The legislation has been in the works for 20 years and looks to revise laws governing Nigeria’s oil and gas exploration not fully updated since the 1960s because of the contentious nature of any change to oil taxes, terms and revenue-sharing.
It proposes creating a limited liability corporation into which the ministers of finance and petroleum would transfer NNPC assets.
The government would then pay cash for shares of the company and it would operate as a commercial entity without access to state funds.
The changes could make it easier for the struggling company to raise funds. However, the bill does not require government to sell shares in the company and, unlike previous reform proposals, does not set a deadline for privitization to be completed.

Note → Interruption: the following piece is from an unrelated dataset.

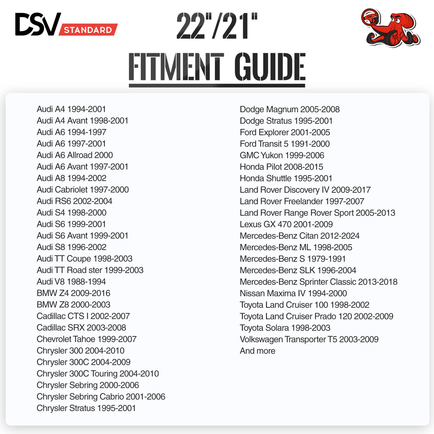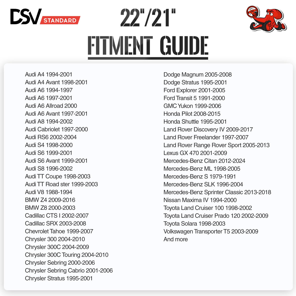 Q: What sizes are available for the DSV Windshield Wiper Blades?A: The DSV Windshield Wiper Blades are available in two sizes: 22 inches and 21 inches. It's essential to measure your existing windshield wipers to select the appropriate size for your vehicle.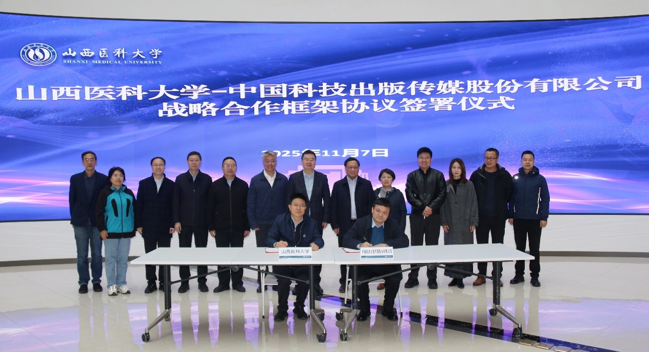 11月7日上午, 山西醫(yī)科大學—中國科技出版?zhèn)髅焦煞萦邢薰緫?zhàn)略合作框架協(xié)議簽署儀式在山西醫(yī)科大學圓滿舉行,雙方攜手開啟共筑學術高地、服務醫(yī)學創(chuàng)新的新篇章。

The legislation would also amend controversial changes to deep offshore royalties made late last year by cutting the royalty that companies pay the government for offshore fields producing less than 15,000 barrels per day to 7.5% from 10%.
It would change a price-based royalty too, so that it kicked in when oil prices climbed above $50 per barrel, rather than $35.
It would also codify in law that companies cannot deduct gas flaring penalties from taxes, a practice that was the subject of a court case.
The measure would also scrap the Petroleum Equalization Fund, which used to distribute cash to keep nationwide petrol prices uniform, and create new regulatory bodies, scrapping the Petroleum Products Pricing Regulatory Agency and transferring to a new commission many of the tasks currently handled by the Department of Petroleum Resources.